Given material:
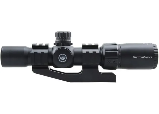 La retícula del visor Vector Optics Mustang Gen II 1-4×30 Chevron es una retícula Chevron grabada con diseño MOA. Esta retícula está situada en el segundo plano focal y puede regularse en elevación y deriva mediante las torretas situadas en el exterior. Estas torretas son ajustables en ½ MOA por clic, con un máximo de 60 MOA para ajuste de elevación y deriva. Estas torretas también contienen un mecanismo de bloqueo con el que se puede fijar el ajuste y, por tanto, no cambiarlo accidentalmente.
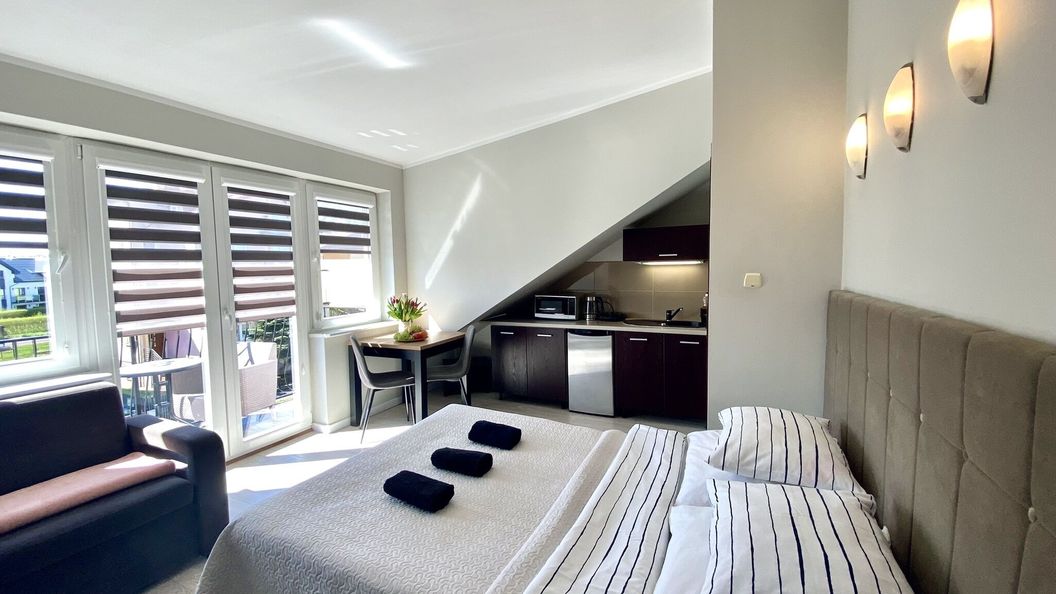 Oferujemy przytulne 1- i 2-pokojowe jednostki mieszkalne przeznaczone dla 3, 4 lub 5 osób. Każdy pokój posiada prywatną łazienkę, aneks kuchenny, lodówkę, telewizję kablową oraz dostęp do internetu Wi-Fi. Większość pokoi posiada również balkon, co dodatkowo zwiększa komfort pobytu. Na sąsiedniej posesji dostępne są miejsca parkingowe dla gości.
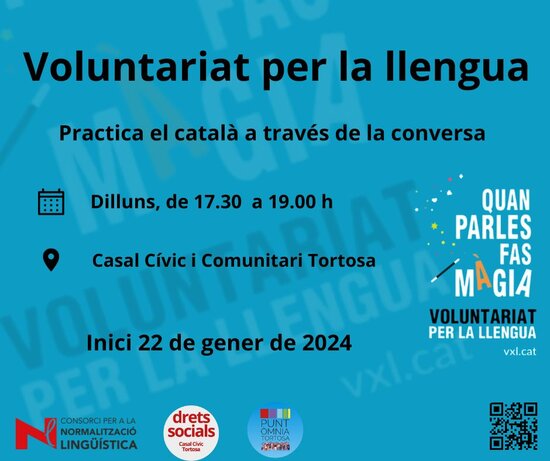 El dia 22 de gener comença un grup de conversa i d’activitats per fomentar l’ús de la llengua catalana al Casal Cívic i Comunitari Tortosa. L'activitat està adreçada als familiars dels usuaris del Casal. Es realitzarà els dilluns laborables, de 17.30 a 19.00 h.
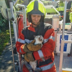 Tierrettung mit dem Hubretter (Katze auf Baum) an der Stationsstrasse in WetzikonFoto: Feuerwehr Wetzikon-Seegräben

Problem to work on: Leave the pictures out and set down the rest of the listing above exactly.

Solution to the problem:
 La retícula del visor Vector Optics Mustang Gen II 1-4×30 Chevron es una retícula Chevron grabada con diseño MOA. Esta retícula está situada en el segundo plano focal y puede regularse en elevación y deriva mediante las torretas situadas en el exterior. Estas torretas son ajustables en ½ MOA por clic, con un máximo de 60 MOA para ajuste de elevación y deriva. Estas torretas también contienen un mecanismo de bloqueo con el que se puede fijar el ajuste y, por tanto, no cambiarlo accidentalmente.
 Oferujemy przytulne 1- i 2-pokojowe jednostki mieszkalne przeznaczone dla 3, 4 lub 5 osób. Każdy pokój posiada prywatną łazienkę, aneks kuchenny, lodówkę, telewizję kablową oraz dostęp do internetu Wi-Fi. Większość pokoi posiada również balkon, co dodatkowo zwiększa komfort pobytu. Na sąsiedniej posesji dostępne są miejsca parkingowe dla gości.
 El dia 22 de gener comença un grup de conversa i d’activitats per fomentar l’ús de la llengua catalana al Casal Cívic i Comunitari Tortosa. L'activitat està adreçada als familiars dels usuaris del Casal. Es realitzarà els dilluns laborables, de 17.30 a 19.00 h.
 Tierrettung mit dem Hubretter (Katze auf Baum) an der Stationsstrasse in WetzikonFoto: Feuerwehr Wetzikon-Seegräben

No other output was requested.